=== Task goal ===
Please restate the data below word for word, omitting all images.

=== Data provided ===

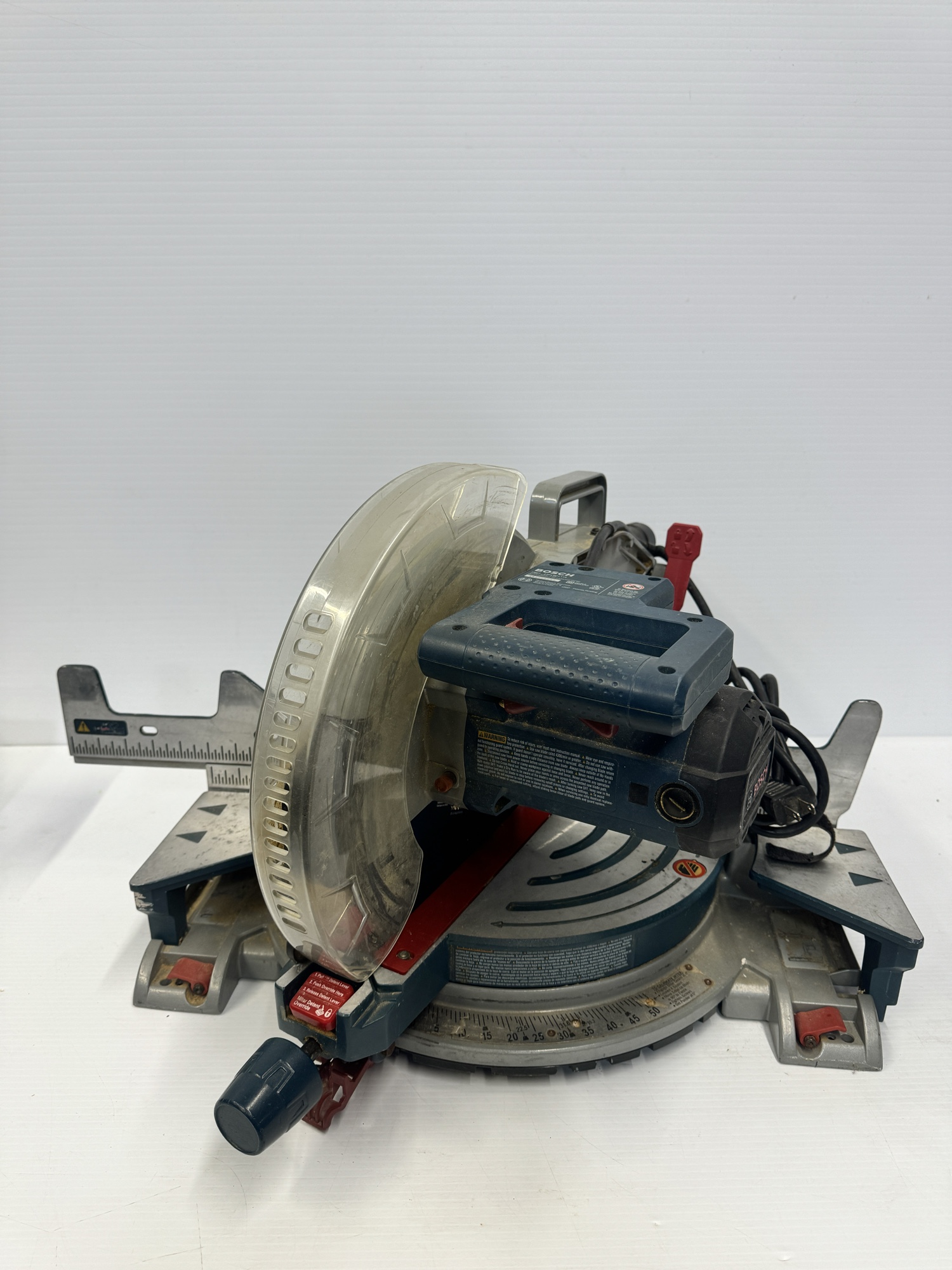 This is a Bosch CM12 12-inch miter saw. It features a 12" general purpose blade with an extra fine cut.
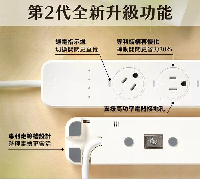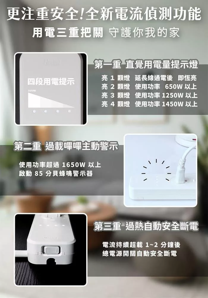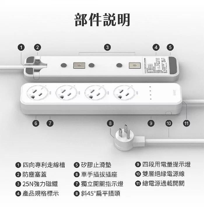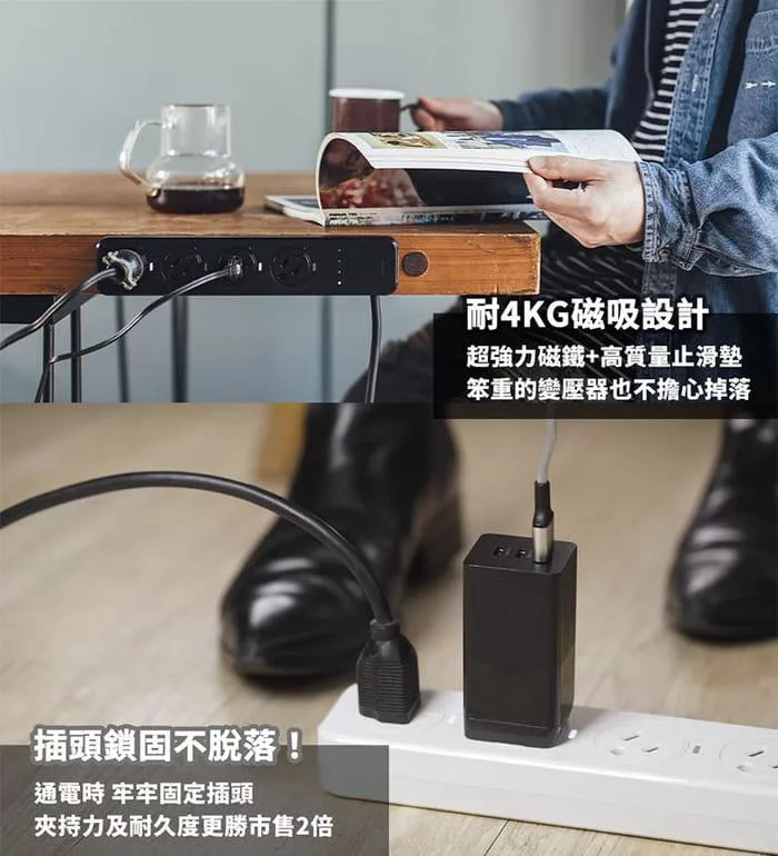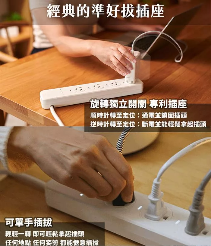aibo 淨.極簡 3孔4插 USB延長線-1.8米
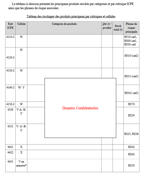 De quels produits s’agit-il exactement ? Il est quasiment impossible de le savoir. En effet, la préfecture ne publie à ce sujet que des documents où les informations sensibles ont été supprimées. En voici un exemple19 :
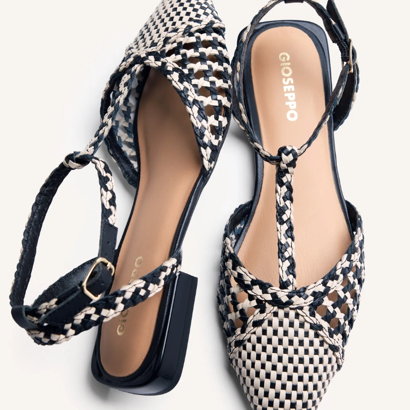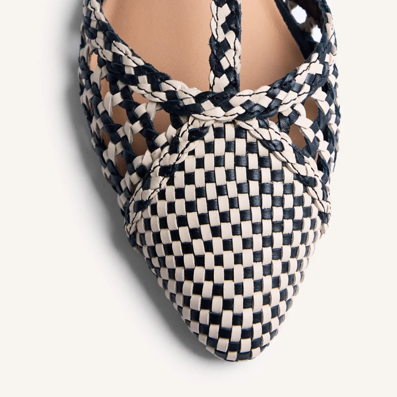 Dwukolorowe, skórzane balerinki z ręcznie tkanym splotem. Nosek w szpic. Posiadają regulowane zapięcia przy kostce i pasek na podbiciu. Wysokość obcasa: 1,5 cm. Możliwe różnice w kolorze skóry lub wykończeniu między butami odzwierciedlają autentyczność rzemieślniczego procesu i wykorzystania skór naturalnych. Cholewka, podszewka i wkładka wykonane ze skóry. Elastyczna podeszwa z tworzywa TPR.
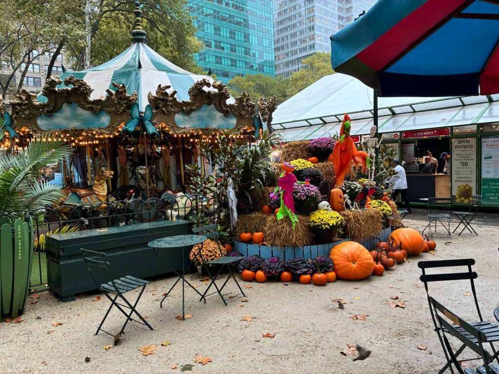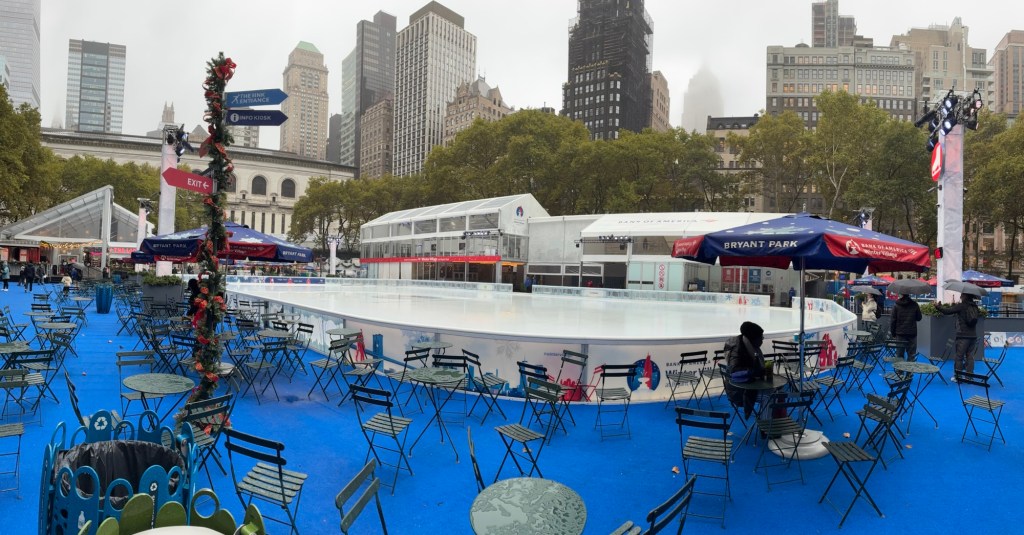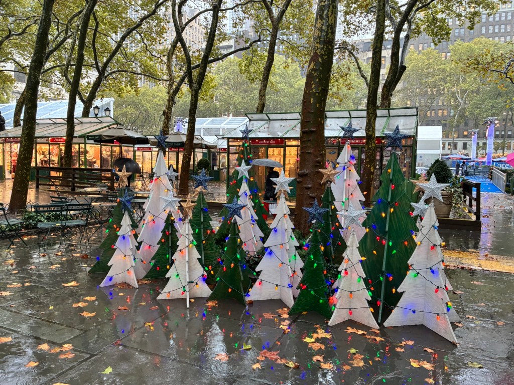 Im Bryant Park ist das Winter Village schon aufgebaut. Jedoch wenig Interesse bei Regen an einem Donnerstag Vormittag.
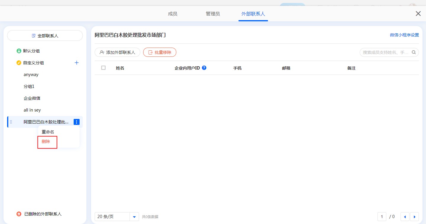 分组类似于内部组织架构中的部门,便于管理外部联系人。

=== Task response ===
 This is a Bosch CM12 12-inch miter saw. It features a 12" general purpose blade with an extra fine cut.
aibo 淨.極簡 3孔4插 USB延長線-1.8米
 De quels produits s’agit-il exactement ? Il est quasiment impossible de le savoir. En effet, la préfecture ne publie à ce sujet que des documents où les informations sensibles ont été supprimées. En voici un exemple19 :
 Dwukolorowe, skórzane balerinki z ręcznie tkanym splotem. Nosek w szpic. Posiadają regulowane zapięcia przy kostce i pasek na podbiciu. Wysokość obcasa: 1,5 cm. Możliwe różnice w kolorze skóry lub wykończeniu między butami odzwierciedlają autentyczność rzemieślniczego procesu i wykorzystania skór naturalnych. Cholewka, podszewka i wkładka wykonane ze skóry. Elastyczna podeszwa z tworzywa TPR.
 Im Bryant Park ist das Winter Village schon aufgebaut. Jedoch wenig Interesse bei Regen an einem Donnerstag Vormittag.
 分组类似于内部组织架构中的部门,便于管理外部联系人。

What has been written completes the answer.